### WHAT YOU NEED TO DO
Reproduce exactly only the lines from the line that holds "Иако досегашниот претседателот" to the line that holds "Der Wickel aus", inclusive, in the listing below, and please leave out every picture.

### THE RECORDS
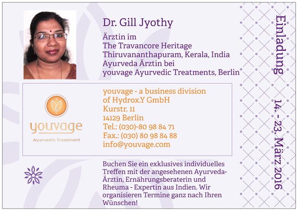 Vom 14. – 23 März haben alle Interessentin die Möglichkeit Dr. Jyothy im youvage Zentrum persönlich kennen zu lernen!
* * *
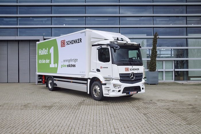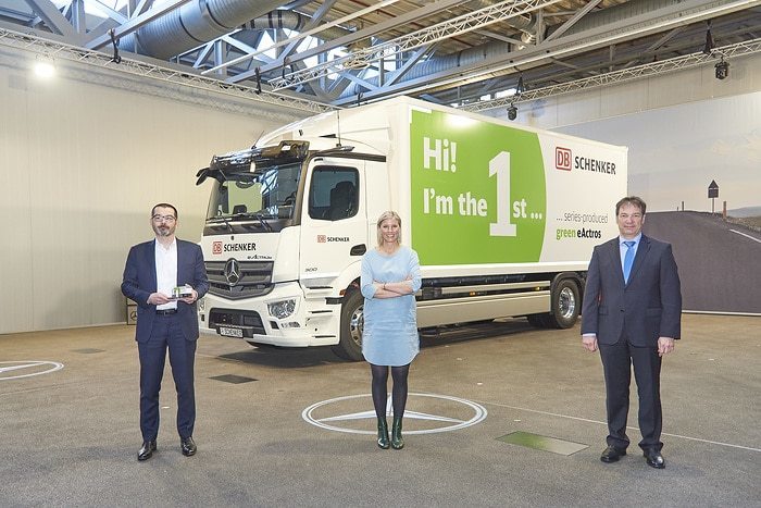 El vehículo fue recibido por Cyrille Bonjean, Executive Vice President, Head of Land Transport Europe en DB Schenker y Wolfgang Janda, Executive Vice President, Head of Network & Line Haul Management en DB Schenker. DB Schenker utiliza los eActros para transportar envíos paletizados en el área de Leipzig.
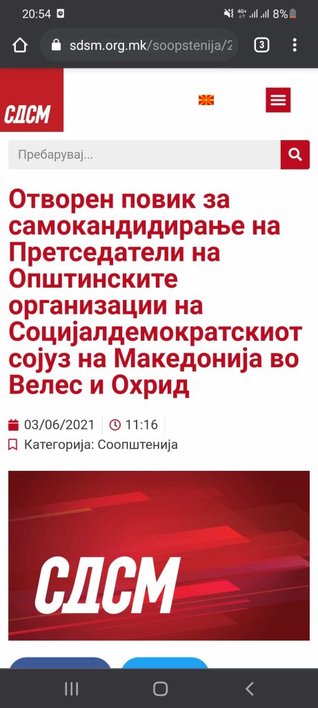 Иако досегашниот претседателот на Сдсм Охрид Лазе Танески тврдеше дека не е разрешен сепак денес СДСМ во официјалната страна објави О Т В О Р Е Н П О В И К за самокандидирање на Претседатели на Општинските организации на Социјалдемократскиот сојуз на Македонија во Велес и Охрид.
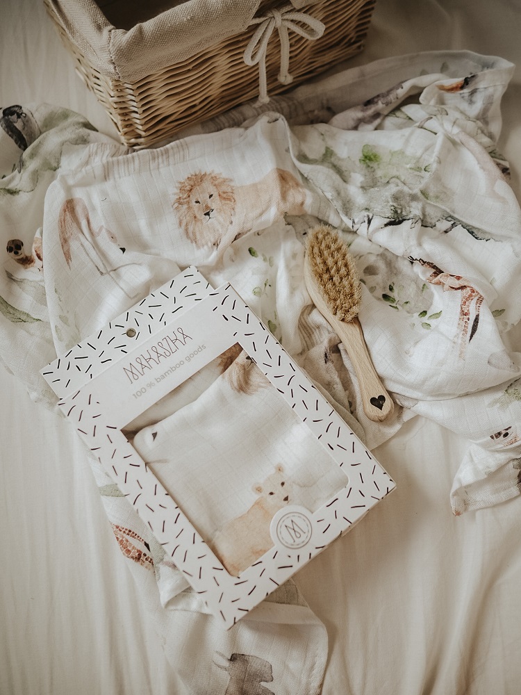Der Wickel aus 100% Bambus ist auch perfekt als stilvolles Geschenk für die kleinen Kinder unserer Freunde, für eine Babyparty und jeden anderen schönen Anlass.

### EXPECTED ANSWER
 Иако досегашниот претседателот на Сдсм Охрид Лазе Танески тврдеше дека не е разрешен сепак денес СДСМ во официјалната страна објави О Т В О Р Е Н П О В И К за самокандидирање на Претседатели на Општинските организации на Социјалдемократскиот сојуз на Македонија во Велес и Охрид.
Der Wickel aus 100% Bambus ist auch perfekt als stilvolles Geschenk für die kleinen Kinder unserer Freunde, für eine Babyparty und jeden anderen schönen Anlass.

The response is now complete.